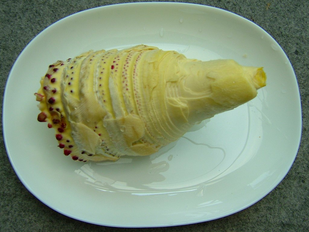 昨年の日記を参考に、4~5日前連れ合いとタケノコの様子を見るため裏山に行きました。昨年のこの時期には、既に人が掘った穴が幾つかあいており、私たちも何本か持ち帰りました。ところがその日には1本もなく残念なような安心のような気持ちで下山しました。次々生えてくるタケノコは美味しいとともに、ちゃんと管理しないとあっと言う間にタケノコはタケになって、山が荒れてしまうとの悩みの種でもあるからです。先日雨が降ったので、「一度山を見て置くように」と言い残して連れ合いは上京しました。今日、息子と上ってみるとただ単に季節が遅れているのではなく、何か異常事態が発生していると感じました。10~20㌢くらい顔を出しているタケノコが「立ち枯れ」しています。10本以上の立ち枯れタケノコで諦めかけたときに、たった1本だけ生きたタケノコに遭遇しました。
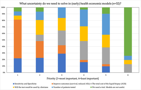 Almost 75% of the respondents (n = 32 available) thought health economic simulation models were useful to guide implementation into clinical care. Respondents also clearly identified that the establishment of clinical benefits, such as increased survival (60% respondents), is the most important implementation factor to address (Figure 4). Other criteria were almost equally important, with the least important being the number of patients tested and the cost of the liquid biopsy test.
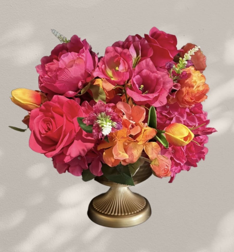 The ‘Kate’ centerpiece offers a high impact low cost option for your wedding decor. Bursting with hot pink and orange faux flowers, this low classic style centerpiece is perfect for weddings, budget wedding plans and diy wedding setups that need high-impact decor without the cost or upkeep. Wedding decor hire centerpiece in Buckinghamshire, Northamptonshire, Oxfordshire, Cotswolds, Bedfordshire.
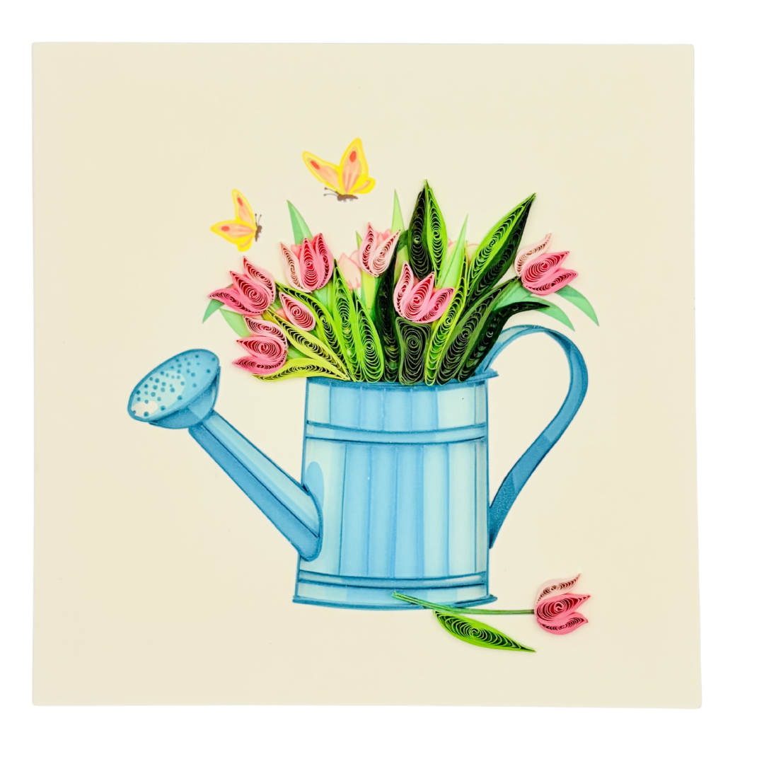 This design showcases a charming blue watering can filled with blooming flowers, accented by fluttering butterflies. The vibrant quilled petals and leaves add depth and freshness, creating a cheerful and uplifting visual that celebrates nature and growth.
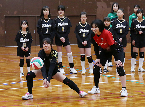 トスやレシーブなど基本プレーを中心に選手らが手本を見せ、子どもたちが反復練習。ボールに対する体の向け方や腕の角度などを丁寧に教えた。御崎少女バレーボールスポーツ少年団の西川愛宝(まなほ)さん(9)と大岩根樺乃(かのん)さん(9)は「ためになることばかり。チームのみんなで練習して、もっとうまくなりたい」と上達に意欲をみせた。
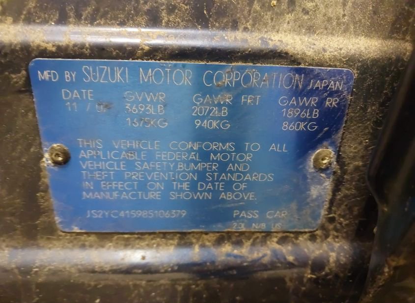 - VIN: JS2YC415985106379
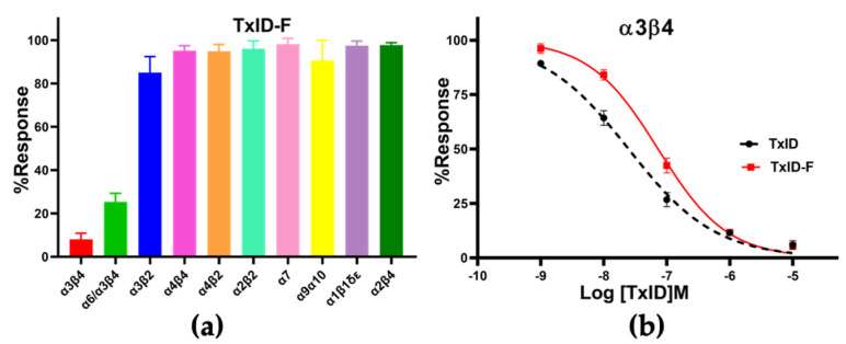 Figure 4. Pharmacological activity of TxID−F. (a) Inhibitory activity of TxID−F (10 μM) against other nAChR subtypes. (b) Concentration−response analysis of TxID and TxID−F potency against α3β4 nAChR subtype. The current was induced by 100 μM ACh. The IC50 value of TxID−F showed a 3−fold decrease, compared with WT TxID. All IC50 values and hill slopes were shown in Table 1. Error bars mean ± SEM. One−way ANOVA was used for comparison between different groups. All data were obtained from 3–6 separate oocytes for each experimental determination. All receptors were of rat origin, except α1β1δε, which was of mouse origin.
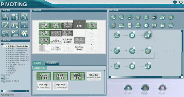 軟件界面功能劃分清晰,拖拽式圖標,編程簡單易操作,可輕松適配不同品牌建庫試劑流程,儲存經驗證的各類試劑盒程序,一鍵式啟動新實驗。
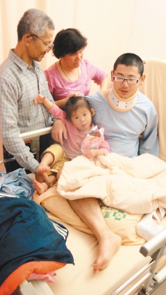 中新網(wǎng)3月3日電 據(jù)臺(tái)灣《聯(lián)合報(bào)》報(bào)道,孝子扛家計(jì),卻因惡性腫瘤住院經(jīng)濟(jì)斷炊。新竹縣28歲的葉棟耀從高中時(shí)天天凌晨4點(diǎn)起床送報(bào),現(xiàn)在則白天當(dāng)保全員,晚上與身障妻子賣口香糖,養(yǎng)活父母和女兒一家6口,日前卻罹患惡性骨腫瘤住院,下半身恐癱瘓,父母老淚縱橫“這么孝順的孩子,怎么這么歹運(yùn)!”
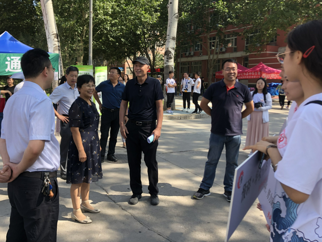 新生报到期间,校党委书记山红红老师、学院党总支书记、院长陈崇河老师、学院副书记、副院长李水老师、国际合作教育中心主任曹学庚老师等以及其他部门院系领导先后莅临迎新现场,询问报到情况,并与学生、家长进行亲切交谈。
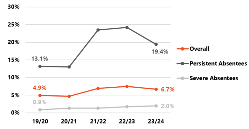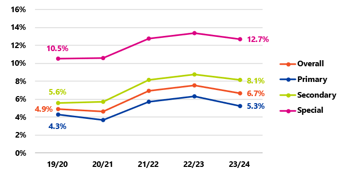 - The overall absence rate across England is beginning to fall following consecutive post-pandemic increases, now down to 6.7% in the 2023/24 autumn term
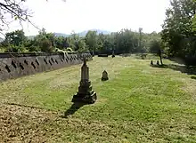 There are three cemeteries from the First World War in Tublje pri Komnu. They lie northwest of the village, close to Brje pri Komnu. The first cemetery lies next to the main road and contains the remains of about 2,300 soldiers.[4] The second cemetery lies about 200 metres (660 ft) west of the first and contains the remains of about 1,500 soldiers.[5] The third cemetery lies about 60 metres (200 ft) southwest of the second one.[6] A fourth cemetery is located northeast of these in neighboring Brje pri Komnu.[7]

* [Instructions to follow] Exact copy, pictures excluded: every line above from the one containing "The ‘Kate’ centerpiece" to the one containing "軟件界面功能劃分清晰,拖拽式", inclusive, and nothing more.

* [Solution to this problem]
 The ‘Kate’ centerpiece offers a high impact low cost option for your wedding decor. Bursting with hot pink and orange faux flowers, this low classic style centerpiece is perfect for weddings, budget wedding plans and diy wedding setups that need high-impact decor without the cost or upkeep. Wedding decor hire centerpiece in Buckinghamshire, Northamptonshire, Oxfordshire, Cotswolds, Bedfordshire.
 This design showcases a charming blue watering can filled with blooming flowers, accented by fluttering butterflies. The vibrant quilled petals and leaves add depth and freshness, creating a cheerful and uplifting visual that celebrates nature and growth.
 トスやレシーブなど基本プレーを中心に選手らが手本を見せ、子どもたちが反復練習。ボールに対する体の向け方や腕の角度などを丁寧に教えた。御崎少女バレーボールスポーツ少年団の西川愛宝(まなほ)さん(9)と大岩根樺乃(かのん)さん(9)は「ためになることばかり。チームのみんなで練習して、もっとうまくなりたい」と上達に意欲をみせた。
 - VIN: JS2YC415985106379
 Figure 4. Pharmacological activity of TxID−F. (a) Inhibitory activity of TxID−F (10 μM) against other nAChR subtypes. (b) Concentration−response analysis of TxID and TxID−F potency against α3β4 nAChR subtype. The current was induced by 100 μM ACh. The IC50 value of TxID−F showed a 3−fold decrease, compared with WT TxID. All IC50 values and hill slopes were shown in Table 1. Error bars mean ± SEM. One−way ANOVA was used for comparison between different groups. All data were obtained from 3–6 separate oocytes for each experimental determination. All receptors were of rat origin, except α1β1δε, which was of mouse origin.
 軟件界面功能劃分清晰,拖拽式圖標,編程簡單易操作,可輕松適配不同品牌建庫試劑流程,儲存經驗證的各類試劑盒程序,一鍵式啟動新實驗。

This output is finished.